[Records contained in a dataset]
:::

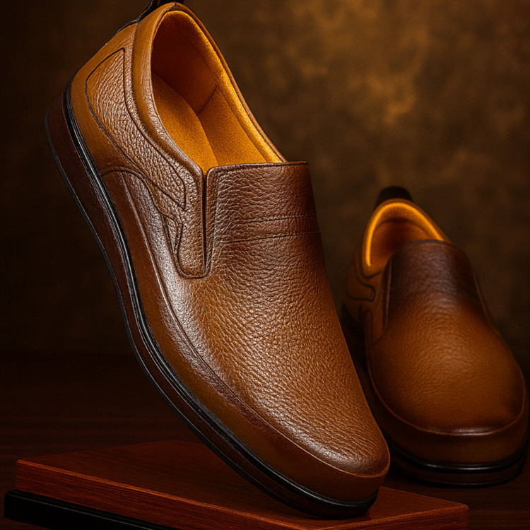 کفش چرم مردانه طبی کد TB053TN رنگ عسلی
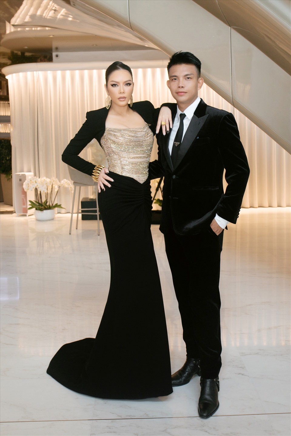 Mẫu thiết kế được lấy cảm hứng từ thời trang thập niên 30. Phần ngực áo đính kết từ những dây đá kim loại.
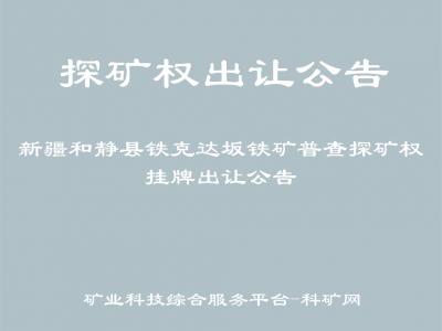 為促進(jìn)礦產(chǎn)資源勘查開采,按照相關(guān)法律法規(guī)的規(guī)定,經(jīng)自治區(qū)人民政府批準(zhǔn),受自治區(qū)自然資源廳委托,新疆維吾爾自治區(qū)政務(wù)服務(wù)和公共資源交易中心(以下簡稱交易中心)以掛牌方式出讓新疆和靜縣鐵克達(dá)坂西鐵多金屬礦(二區(qū))普查等11個探礦權(quán)。
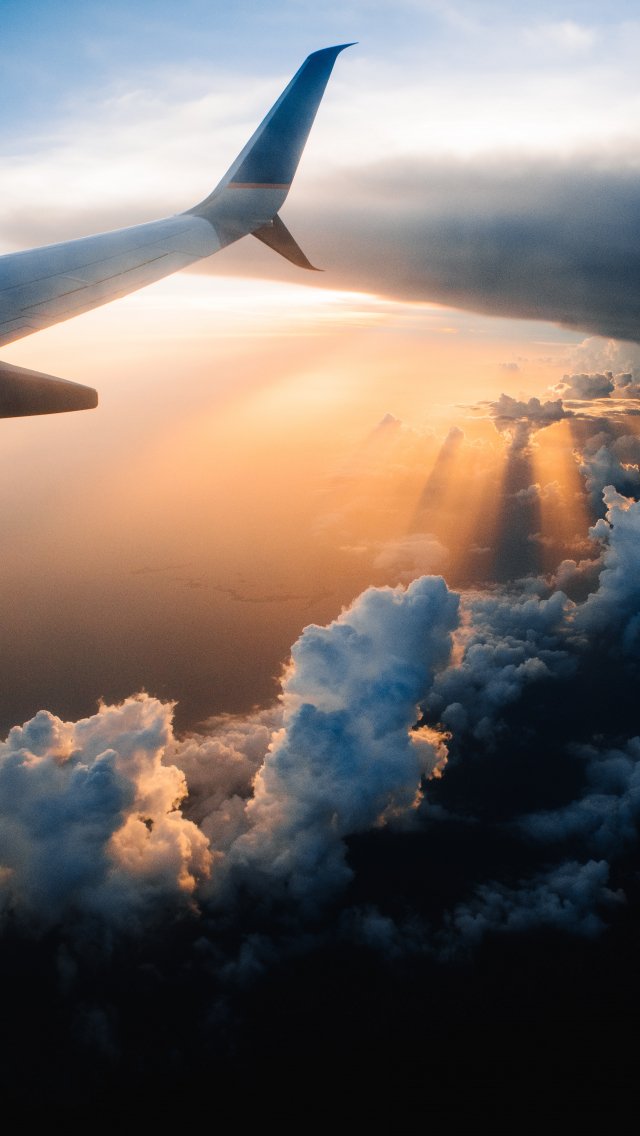 Обои: крыло самолета, солнечный свет, полет - 640x1136
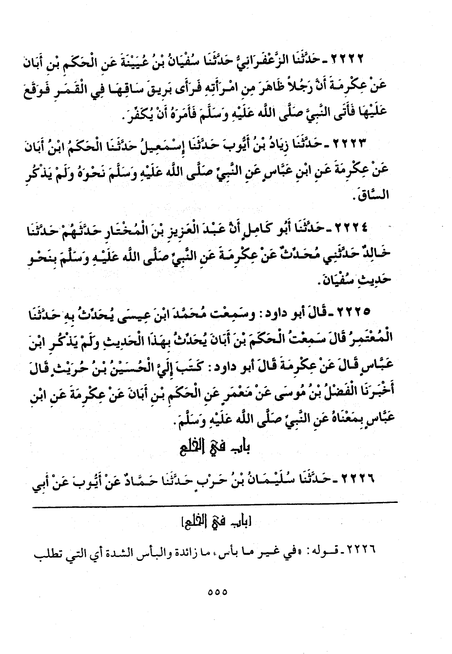 2225 - قَالَ أَبُو دَاوُدَ: وسَمِعْت مُحَمَّدَ بْنَ عِيسَى يُحَدِّثُ بِهِ، حَدَّثَنَا الْمُعْتَمِرُ قَالَ: سَمِعْتُ الْحَكَمَ بْنَ أَبَانَ يُحَدِّثُ بِهَذَا الْحَدِيثِ، وَلَمْ يَذْكُرْ ابْنَ عَبَّاسٍ قَالَ: عَنْ عِكْرِمَةَ، قَالَ أَبُو دَاوُدَ: كَتَبَ إِلَيَّ الْحُسَيْنُ بْنُ حُرَيْثٍ، قَالَ: أَخْبَرَنَا الْفَضْلُ بْنُ مُوسَى، عَنْ مَعْمَرٍ، عَنِ الْحَكَمِ بْنِ أَبَانَ، عَنْ عِكْرِمَةَ، عَنْ ابْنِ عَبَّاسٍ، بِمَعْنَاهُ عَنِ النَّبِيِّ صَلَّى اللهُ عَلَيْهِ وَسَلَّمَ.
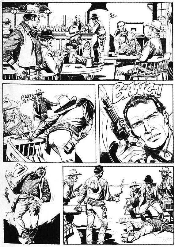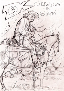 La sofferenza è stata nel tirar fuori un'immagine da un tema non avventuroso, ma più intimista, "osando" dare uno spessore diverso alla semplice e pura avventura di Tex. Ho fatto cinque schizzi perché, soprattutto se non è una scena d'azione classica, a parità di situazione, una scena la si può raccontare in molti modi.
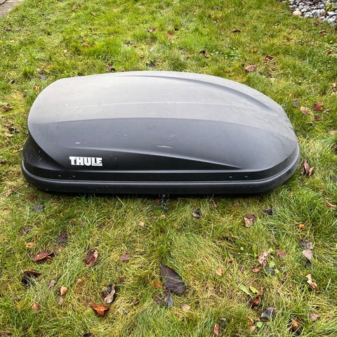 Thule Alpine 100 tagboks i grå. Aerodynamisk, aflang model egnet til montering på tagbøjler på personbil. Velegnet til ekstra bagage, ski eller lignende udstyr på bilture. Tagboksen har låg, der åbnes opad, og er konstrueret i hård plast for beskyttelse af indholdet under kørsel og opbevaring.
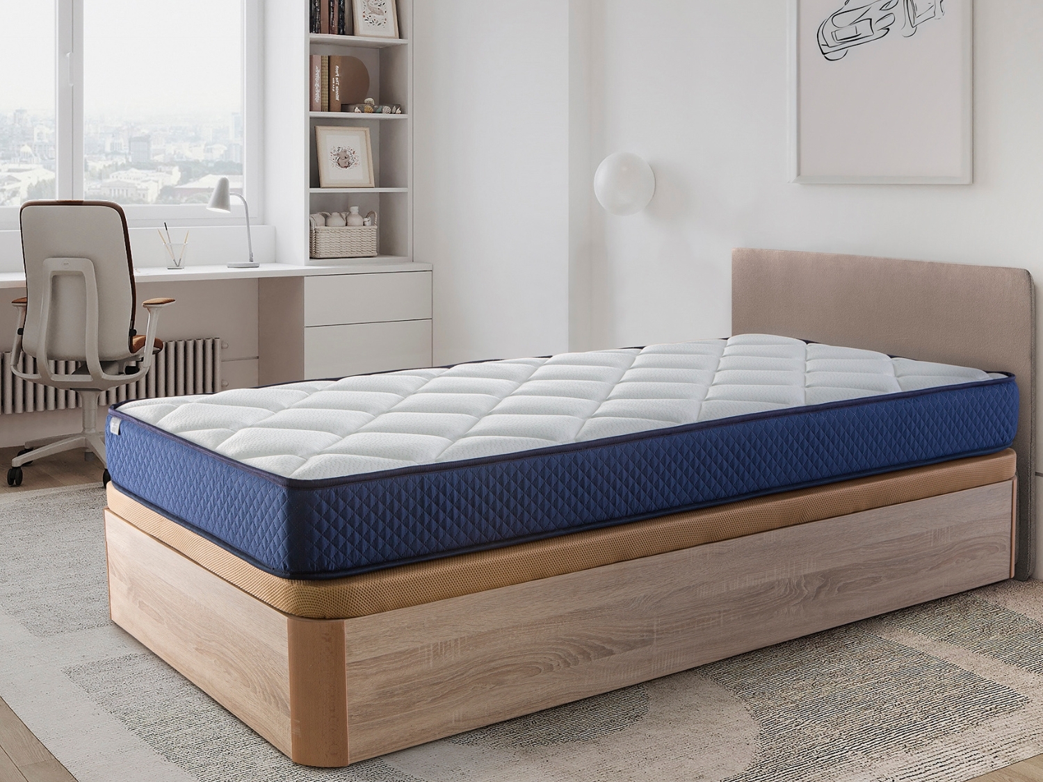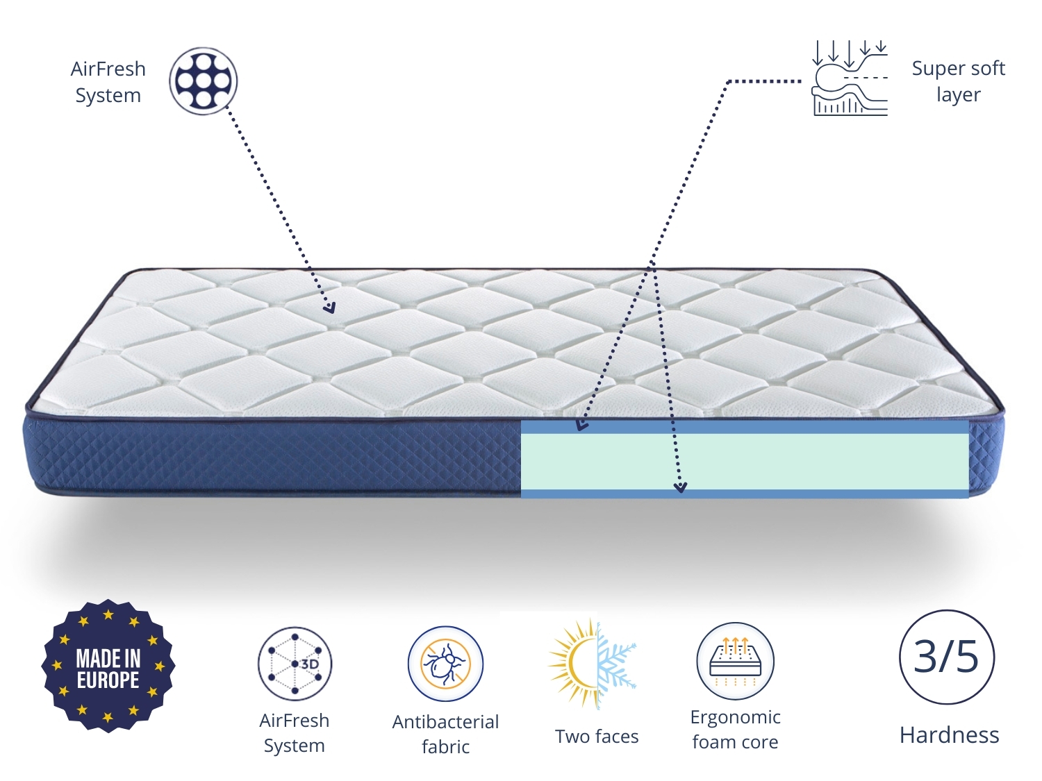 Matelas ergonomique et respirant, idéal pour les lits d'enfants et les personnes qui recherchent le confort au moment de se coucher. Son noyau en mousse HR s'adapte au corps et améliore la ventilation grâce à sa structure poreuse. La face supérieure, rembourrée de fibres et de mousse ultra-douce, offre un confort maximal, tandis que la face inférieure, en tissu 3D, favorise la dissipation de la chaleur pendant la nuit.
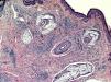 The differential diagnosis should be with long-standing melanocytic nevus, malignant blue nevus, and primary intradermal melanoma. Long-standing nevus appears as a nodular lesion on the face of patients older than 60 years. It contains small, monomorphic melanocytes exhibiting maturation, together with large solitary melanocytes with a hyperchromatic nucleus but no pleomorphism or mitosis. Occasionally, it is associated with degenerative signs such as thrombosis, hemorrhage, fibrosis, and sclerosis. Malignant blue nevus develops over a pre-existing blue nevus, it is easily distinguished in histopathology, and its prognosis is generally poor. Primary intradermal melanoma contains no nevus cells in histopathology and is a diagnosis of exclusion after primary disease has been ruled out at other levels.10

:::

- **THE PROBLEM**: With the pictures removed, please retype each record exactly.

- **EXERCISE ANSWER**:
 کفش چرم مردانه طبی کد TB053TN رنگ عسلی
 Mẫu thiết kế được lấy cảm hứng từ thời trang thập niên 30. Phần ngực áo đính kết từ những dây đá kim loại.
 為促進(jìn)礦產(chǎn)資源勘查開采,按照相關(guān)法律法規(guī)的規(guī)定,經(jīng)自治區(qū)人民政府批準(zhǔn),受自治區(qū)自然資源廳委托,新疆維吾爾自治區(qū)政務(wù)服務(wù)和公共資源交易中心(以下簡稱交易中心)以掛牌方式出讓新疆和靜縣鐵克達(dá)坂西鐵多金屬礦(二區(qū))普查等11個探礦權(quán)。
 Обои: крыло самолета, солнечный свет, полет - 640x1136
 2225 - قَالَ أَبُو دَاوُدَ: وسَمِعْت مُحَمَّدَ بْنَ عِيسَى يُحَدِّثُ بِهِ، حَدَّثَنَا الْمُعْتَمِرُ قَالَ: سَمِعْتُ الْحَكَمَ بْنَ أَبَانَ يُحَدِّثُ بِهَذَا الْحَدِيثِ، وَلَمْ يَذْكُرْ ابْنَ عَبَّاسٍ قَالَ: عَنْ عِكْرِمَةَ، قَالَ أَبُو دَاوُدَ: كَتَبَ إِلَيَّ الْحُسَيْنُ بْنُ حُرَيْثٍ، قَالَ: أَخْبَرَنَا الْفَضْلُ بْنُ مُوسَى، عَنْ مَعْمَرٍ، عَنِ الْحَكَمِ بْنِ أَبَانَ، عَنْ عِكْرِمَةَ، عَنْ ابْنِ عَبَّاسٍ، بِمَعْنَاهُ عَنِ النَّبِيِّ صَلَّى اللهُ عَلَيْهِ وَسَلَّمَ.
 La sofferenza è stata nel tirar fuori un'immagine da un tema non avventuroso, ma più intimista, "osando" dare uno spessore diverso alla semplice e pura avventura di Tex. Ho fatto cinque schizzi perché, soprattutto se non è una scena d'azione classica, a parità di situazione, una scena la si può raccontare in molti modi.
 Thule Alpine 100 tagboks i grå. Aerodynamisk, aflang model egnet til montering på tagbøjler på personbil. Velegnet til ekstra bagage, ski eller lignende udstyr på bilture. Tagboksen har låg, der åbnes opad, og er konstrueret i hård plast for beskyttelse af indholdet under kørsel og opbevaring.
 Matelas ergonomique et respirant, idéal pour les lits d'enfants et les personnes qui recherchent le confort au moment de se coucher. Son noyau en mousse HR s'adapte au corps et améliore la ventilation grâce à sa structure poreuse. La face supérieure, rembourrée de fibres et de mousse ultra-douce, offre un confort maximal, tandis que la face inférieure, en tissu 3D, favorise la dissipation de la chaleur pendant la nuit.
 The differential diagnosis should be with long-standing melanocytic nevus, malignant blue nevus, and primary intradermal melanoma. Long-standing nevus appears as a nodular lesion on the face of patients older than 60 years. It contains small, monomorphic melanocytes exhibiting maturation, together with large solitary melanocytes with a hyperchromatic nucleus but no pleomorphism or mitosis. Occasionally, it is associated with degenerative signs such as thrombosis, hemorrhage, fibrosis, and sclerosis. Malignant blue nevus develops over a pre-existing blue nevus, it is easily distinguished in histopathology, and its prognosis is generally poor. Primary intradermal melanoma contains no nevus cells in histopathology and is a diagnosis of exclusion after primary disease has been ruled out at other levels.10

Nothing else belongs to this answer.